For most readers, the term “cozy mystery”—the light-hearted side of the genre—evokes a rural image. That’s certainly true of my Food Lovers’ Village Mysteries, set in Jewel Bay, Montana—a lakeside resort community on the road to Glacier National Park that calls itself “the food lovers’ village.” Fictional, like many cozy towns, but pieced together from towns and villages across the continent.

In my new Spice Shop Mysteries, debuting this week with ASSAULT AND PEPPER, I decided to explore the urban cozy. To me, the core of a cozy mystery is the community. Murder disrupts the social order of the community. The amateur sleuth investigates because she has a personal stake in the crime and in making sure the right people are brought to justice. She may think law enforcement officers are on the wrong track, or her role in village life may give her insight and information they lack. The professionals’ job is to restore the external order by making an arrest and prosecuting. Hers is to restore internal order within the community.

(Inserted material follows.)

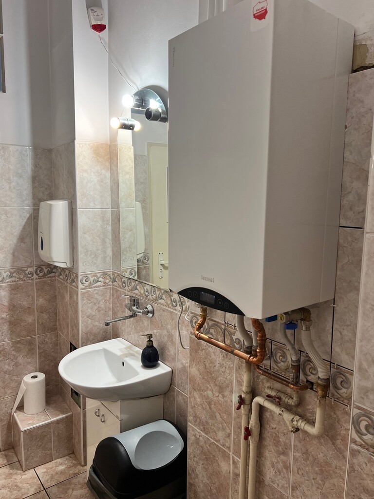 Mieszkanie przeszło generalny remont i obecnie składa się z 5 pomieszczeń biurowych oraz kuchni przeniesionej do schowka gospodarczego.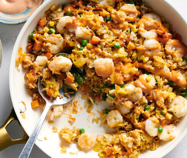 This meal is a boon to those who keep their freezers stocked: Frozen shrimp and frozen mixed vegetables (and even frozen leftover rice!) can all work wonders in this abundant recipe from Eric Kim. I swap in a bag of frozen broccoli for some of the rice and feel especially grown-up until I spend 20 minutes making the same joke: “You mean a shrimp fried this rice?” (Do not forget the yum yum sauce, equal parts delicious and versatile.)

The sleuth often runs a key local business—she may be the librarian or bookseller, the baker or café owner. She may be a native or a newcomer. In the Food Lovers’ Village series, Erin Murphy is a bit of all those—a native who returns home and runs a market specializing in regional foods in her family’s hundred-year-old grocery. It’s work she loves, and it involves her deeply in local life.

In an urban cozy, the community is a subset of the city, and the protagonist is a major player in that world. In Cleo Coyle’s Coffeehouse Mysteries, Clare Cosi runs a coffeehouse in New York City’s Greenwich Village. Clare’s employees, customers, and neighbors loom large, and many stories follow characters she meets through the coffee business—a customer and father of an erst-while employee who plays a charity Santa, a killer with a grudge against small roasters.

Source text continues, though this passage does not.